李毅安一丁點兒都不關心,他壓根兒就不在乎這些國家的命運。
這是一個現實主義者最典型的特點——除了關心自己人之外,對於外人是沒有任何同情心的!
這種沒有同情心並不是因為他冷酷,而是因為他非常清楚自己的責任在什麼地方,他的責任僅僅局限於對自己人。
“我知道,我們這麼做是為了阻斷。”
柏林看著電視說道。
“現在這個世界比任何時候都更加的狹小,思想是互通的。如果我們不能夠去阻斷沙特的思想傳播的話,那麼最終我們很有可能會受到影響。
所以我們需要提前著手,這些思想侵蝕到我們的肌體之前,就把他們從根本上加以阻斷。”
柏林一邊說一邊思考著,中間他又稍微沉思了一會兒,然後說道:
“耳朵和眼睛,如果我們想要從根本上阻斷這種思潮在我們內部的傳播,進而侵蝕到我們自身的肌體,就必須要讓我們的眼睛看不到,讓我們的耳朵聽不到,隻有如此才能夠起到真正的阻斷作用。”
聽著柏林的提議,李毅安想了一下,點了點頭,說道:
“你說的很對,那麼我們怎麼才能夠捂住眼睛,捂住耳朵呢?”
“並不僅僅隻是書籍。”
柏林直截了當的說道。
“有時候他們去傳播這些東西,並不僅僅隻是過書籍的方式去傳播的,他們會通過其他的方式,比如說電影,比如說娛樂,而且眾所周知這一領域內的,更容易受到這種標榜自由博愛以及高度自我主義思潮的影響。”
李毅安深以為然的點了點頭,比如說好萊塢就是最有名的白左大本營,也正是在好萊塢的影響下,加利福尼亞才會成為白左的記憶地,也正是在好萊塢的推動下,白左的思想才會在美國泛濫成災。

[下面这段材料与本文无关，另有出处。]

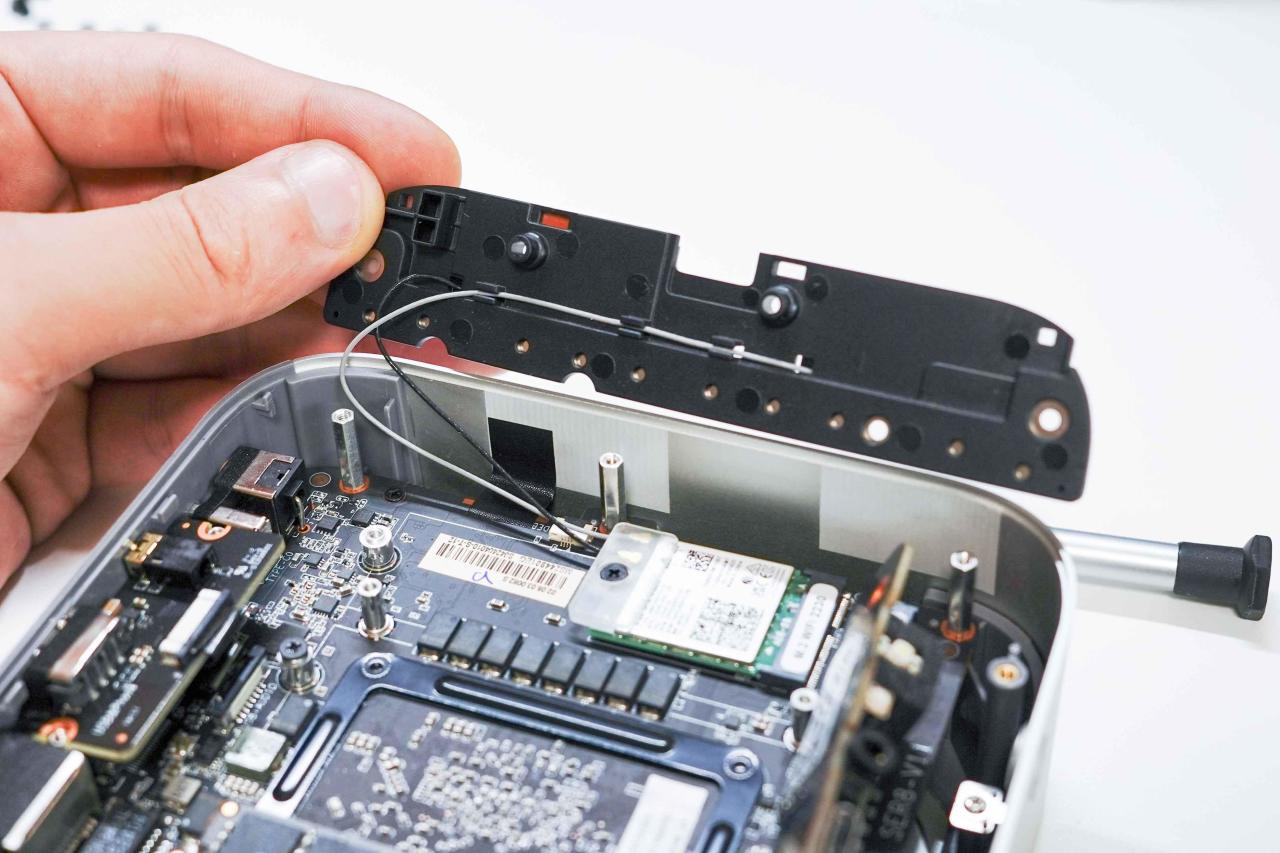 無線網卡的天線則是固定在防塵擋板上,拆裝很難弄壞,就是無線信號接受能力會差點,畢竟外殼有金屬遮擋。

想到好萊塢,自然也想到了自家的那個好萊塢,李毅安說道:
“所以,我們需要在古晉進行一些工作。”
柏林問道:
“進行電影審查嗎?”
於這種事情他再熟悉不過,畢竟當年德國戰敗之前,他們也是有審查的。
聞言,李毅安就搖了搖頭,說道:
“我們是要打文化牌的,審查隻會扼殺創造力。沒有創造力的文化又怎麼可能在世界範圍內進行傳播呢?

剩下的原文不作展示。